Доктор ушел, а немного погодя вернулся и говорит: «Дон Кан…» — «Молчите, ради бога, молчите, сеньор, — перебивает его тетушка Чепилья, и никогда еще я не видела, чтобы так она испугалась. — Ни слова больше! — просит его. — Я ведь знаю, как его зовут». — «Хорошо, — отвечает ей доктор спокойно. — Этот господин, что стоит на углу, хочет поместить Чарито в больницу Де-Паула: он обещал распорядиться, и за нею сейчас пришлют носилки. Ах, да, он полагает также, что будет лучше, если ребенок останется здесь вместе с кормилицей».
— А кто же был этот господин, что стоял на углу? — в один голос спросили Кармен и Адела.
— Точно я вам этого сказать не берусь, милые мои, — замявшись, отвечала им бывшая кормилица. — Я не могу поручиться, что доктор сказал именно дон Кан… Может, это мне только так послышалось, а на самом-то деле он сказал дон Хуан, дон Сан или еще что-нибудь такое на «ан». Я ведь стояла далеко и все боялась, как бы меня там не заметили, да и ребеночек-то плакал не переставая. Но что верно, то верно: очень странно мне показалось, почему тетушка Чепилья при каждом слово пугается. И вот навели меня на подозрение эти ее ужимки испуганные и еще шляпа модная за окошком.
— Браво! — воскликнула Кармен. — Выходит, коли ты и не знаешь наверное, какое имя собирался назвать доктор Росаин, то все же догадываешься, кто был тот человек в шляпе. Как же, ты думаешь, его звали?
— Я ничего не думаю, нинья Кармита, — смешавшись, отвечала Мария-де-Регла. — И утверждать тоже ничего не стану.
— Ты боишься чего-нибудь? — мягко спросила ее Адела.
— Ах, нинья Аделита! Как же мне не бояться! Я всего боюсь. Негру, прежде чем рот раскрыть, наперед хорошенько подумать надо.

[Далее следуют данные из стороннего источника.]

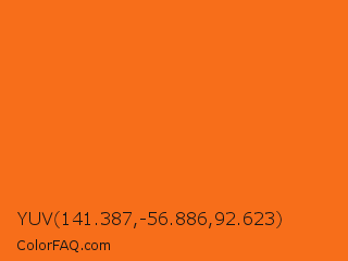 YUV 141.387,-56.886,92.623 Color is a normal orange color and the nearest color is Pumpkin #ff7518. Hex code #f76e1a and RGB value is rgb(247,110,26). In RGB color space, this color is composed of 97% red, 43% green, 10% blue, In CMYK color space, this color is composed of 0% cyan, 55% magenta, 89% yellow , 3% black , In HSL color space, this color has a hue angle of 23° , 93% saturation and 54% lightness.

— Уверяю тебя — ты тревожишься попусту. Ну чего тебе бояться? Мало ли, что было когда-то. Было, да быльем поросло. Теперь обо всем этом, верно, никто уж и не помнит. А если человек подозревает кого-нибудь в чем-либо, так тут еще ничего худого нет: иногда подозрение вполне естественно…
— Но ведь вы, ваша милость, про то не забудьте, что для раба заподозрить своего господина — значит погубить себя.
— Что, что ты сказала? — с негодованием перебила негритянку Кармен. — Уж не вообразила ли ты, что это был наш отец?
— Ах, что вы, доченька, да как же это можно о своем господине такое подумать! — поспешила ее разуверить бывшая кормилица. — Избави бог! Оговорилась я, верьте слову, нинья Кармита! Язык не так повернулся, вот я и сказала «своего господина», а думала-то про всех белых господ. Потому что негр никогда не должен подозревать белых господ в худых делах. Только это я и хотела сказать, нинья Кармита.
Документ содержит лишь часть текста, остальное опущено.